Company Name: JT INTERNATIONAL BHD
Research House: OSK
JT International Bhd
(March 10, RM6.60)
Upgrade to buy at RM6.56 with target price raised to RM7.30 (from RM6.32): In FY08, JTI declared a capital repayment of 75 sen per share (2H) and total dividends of 58 sen per share (1H). The repayment was declared when its cash pile was a whopping high at RM265 million. The repayment resulted in its share capital being reduced to RM65.38 million from RM261.5 million.
Paid out in 1QFY09, the capital repayment amounted to some RM196 million, representing 73% of its FY08 cash balance (RM267 million).
Taking into account its recurring 30 sen per share dividend, JTI incurred a cash outlay of RM254.8 million in dividends and capital repayment for 2009. The total amount (in recurring and capital repayment only) represented about 95% of its cash balance as at late FY08/early FY09.
JTI's total cash shrank from RM267 million in 4QFY08 to RM70 million in 1QFY09 following its dividend and capital repayment. Since then, the company's cash position has been increasing at an average RM13.6 million every quarter.
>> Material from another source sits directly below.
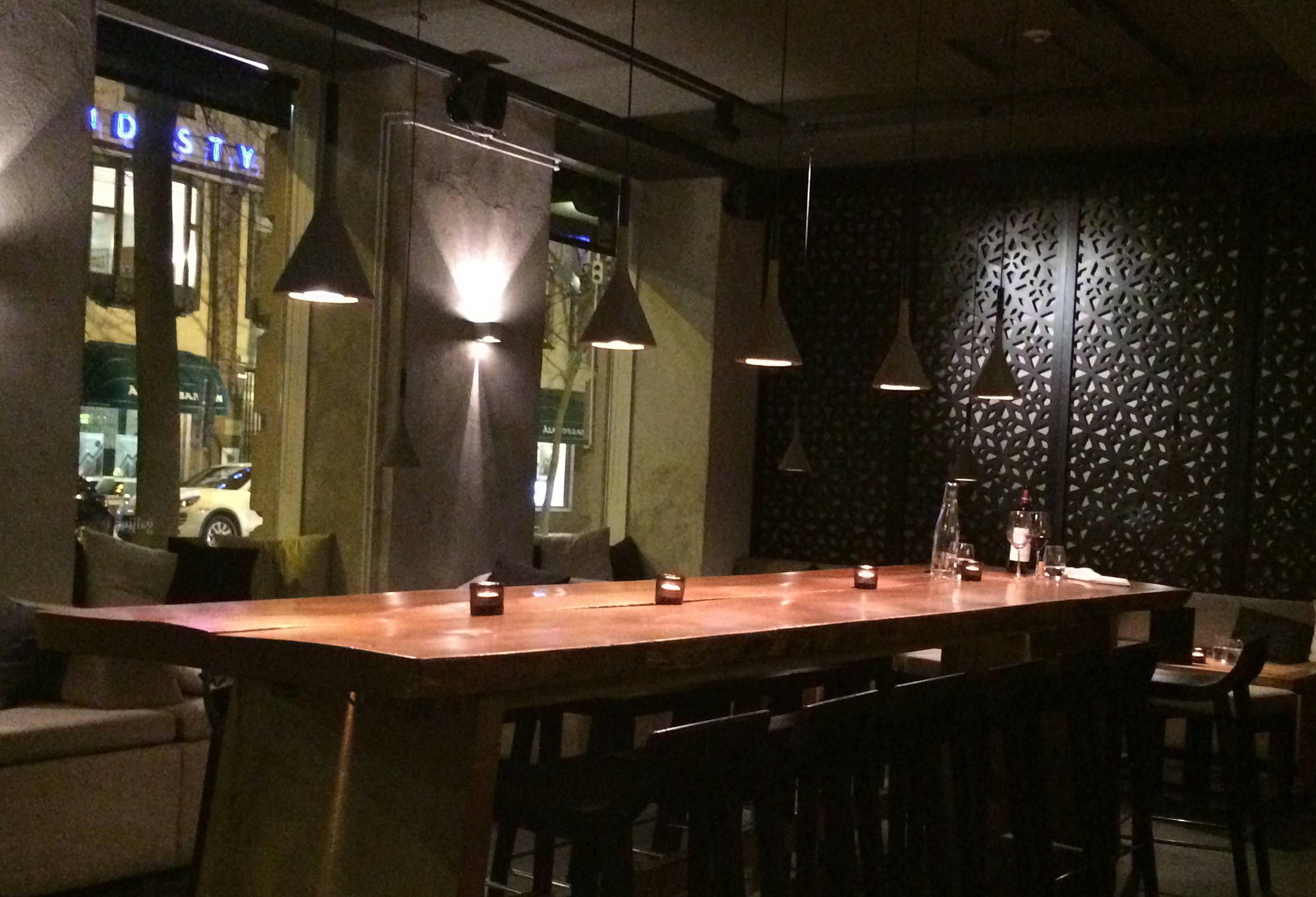 Illan hetki oli jo edistynyt, joten pitkään menuun emme sortuneet vaan otimme jokusia pieniä paloja alkuun ja päänumeroksi uutuutena tarjolla olluttta kobe-härkää. Aperitiivejä oli jo nautittu vähintään tarpeeksi edellisissä paikoissa, joten kiinnostava drinkkilista piti ohittaa. Ihan kuivin suin ei toki sovi olla: pikkupalojen kanssa osaavan oloinen tarjoilija ehdotti itävaltalaista grüner veltlineriä Laurenz V. Forbidden Grüner 2012 – omaan makuuni siinä oli juuri parahultaisesti pientä makeutta, joten sen siivillä eteenpäin.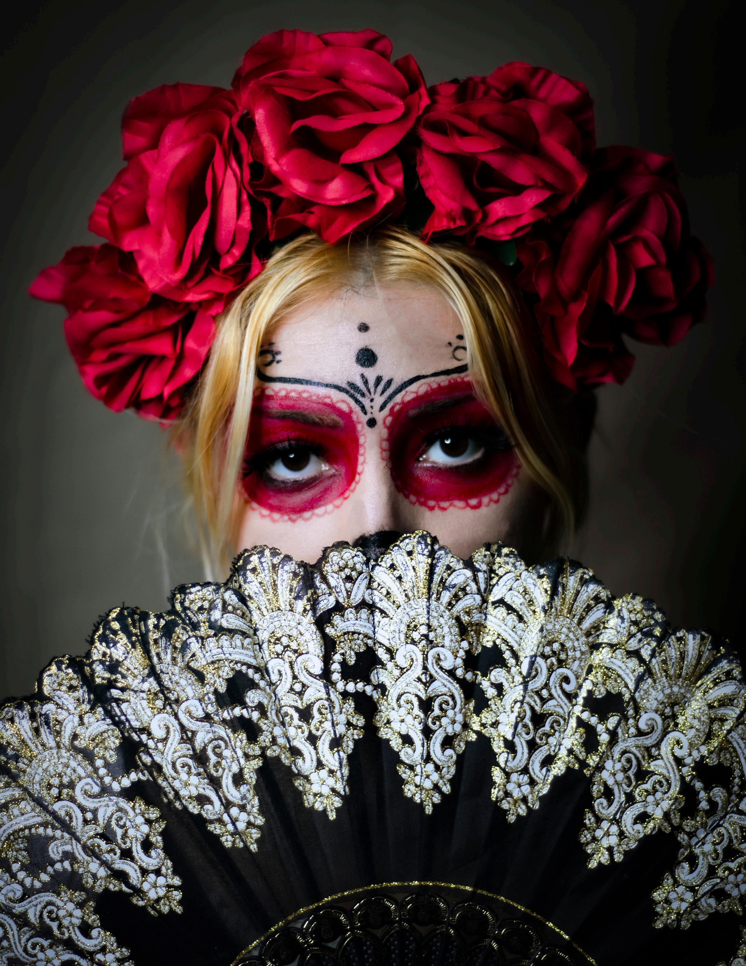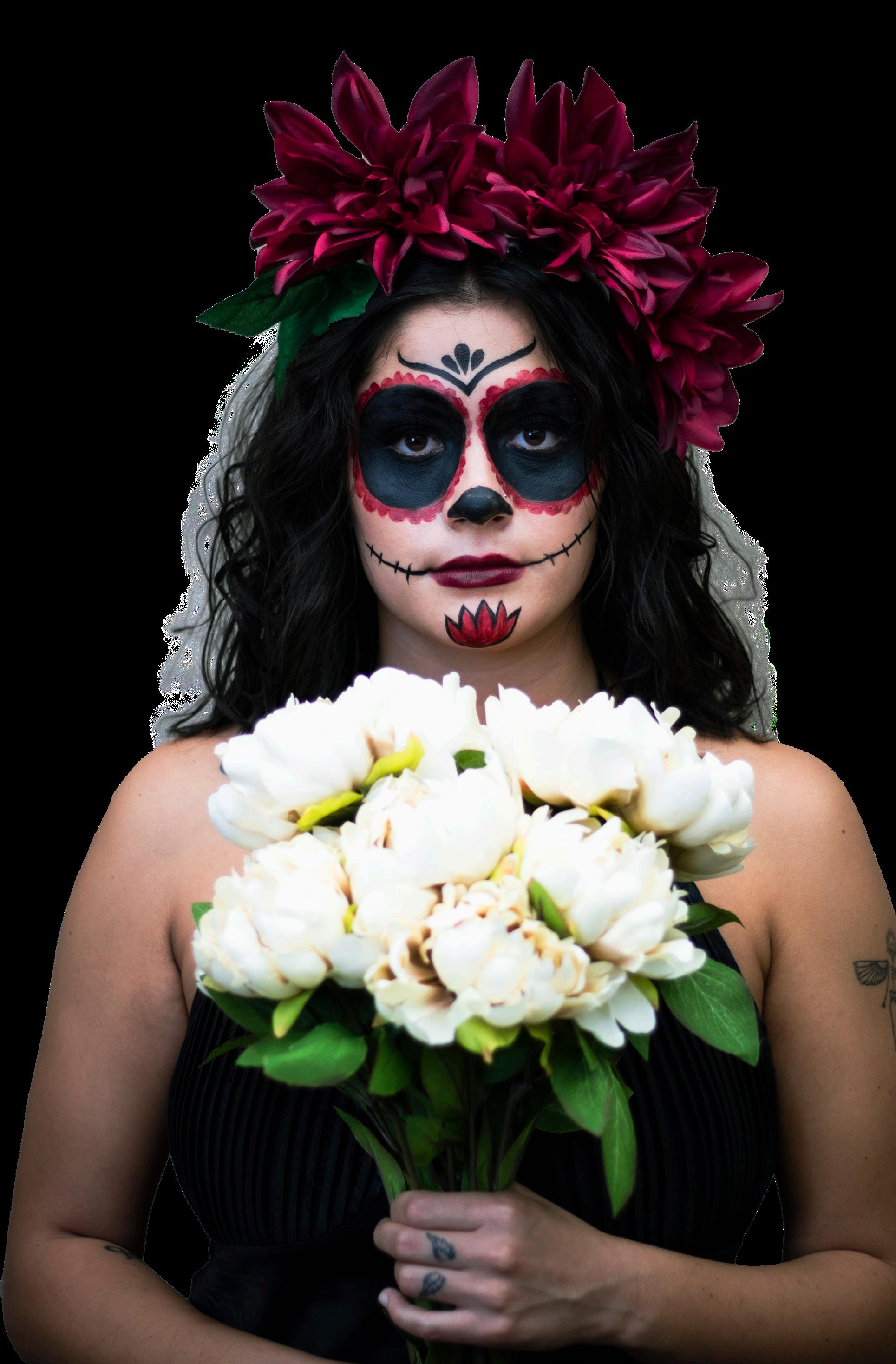 Marifer Recendez planned and organized this photoshoot to demonstrate her Mexican culture. Models of Hispanic heritage were recruited as representationwas highly important for the authenticty and cultural appreciation of this shoot. Stylists and models collaborated to create looks complete with flower crowns and colorful painted faces. Dia de los Muertas, also known as the Day of the Dead, is a traditional Mexican holiday celebrating the lives of those passed and honors their memory. Portrayed as a day of joy, rather than a day of mourning, those celebrating the holiday often paint their faces and wear bright flowers. Prayers are placed on altars to give offerings for deceased family with the intent to encourage visits by the souls of those departed.

This average increase takes into account the 30 sen tax-exempt dividend it pays out annually. Our average cash increase assumption also strips out JTI's one-off cash received from repayment from a trustee account totalling RM24 million for both years.
Based on the average cash increase of RM13.6 million per quarter, hypothetically JTI's total cash could range from RM240 million to RM260 million in 4QFY11/1QFY12. This is close to the previous high of RM265 million, based on which JTI declared a 75 sen per share capital repayment. The company's net cash per share stood at 72 sen as of its latest reporting quarter. Another plus is that JTI is also debt-free.
With its growing cash pile, JTI is likely to declare special dividends on top of its annual recurring 30 sen per share dividend.
Though our year-end FY11 cash forecast at RM227.1 million is still below the previous capital repayment trigger point of RM265 million, there is still a possibility of a capital repayment.
Based on its previous cash outlay of 95%, this would mean that JTI would fork out cash of around RM215.7 million in FY12 (assuming a special dividend is declared in late FY11 and paid out in 1QFY12). This would translate to a total dividend of about RM1.10 per share (30 sen dividend per share plus a special dividend of 80 sen per share).
Besides a possible dividend payment, JTI may look for an acquisition target domestically to expand its market presence.
However, given increasing illicit trade ' which currently stands at 40% of all cigarettes sold in the street ' we find this option a risky venture for now.
Our expectation of a high dividend payout may also not be met if JTI chooses to retain funds in view of the industry's market pie shrinking over time on high illicit trades stemming from an increase in tobacco excise duties.
We raise our valuations for JTI to a target price of RM7.30 from RM6.32 previously. Our higher target price is arrived at after lowering our weighted average cost of capital assumption to 8.32% from 9.4%, noting the possibility of a bumper special dividend.
Translating to a stock upside of 11.2% coupled with a gross recurring dividend yield at 4.6%, we upgrade the stock to a 'buy' from 'neutral' previously.
Although we have yet to receive any indication of when or how much the possible special dividend might be, we note that its likelihood is high given its growing cash pile. ' OSK Research, March 10
This article appeared in The Edge Financial Daily, March 11, 2011.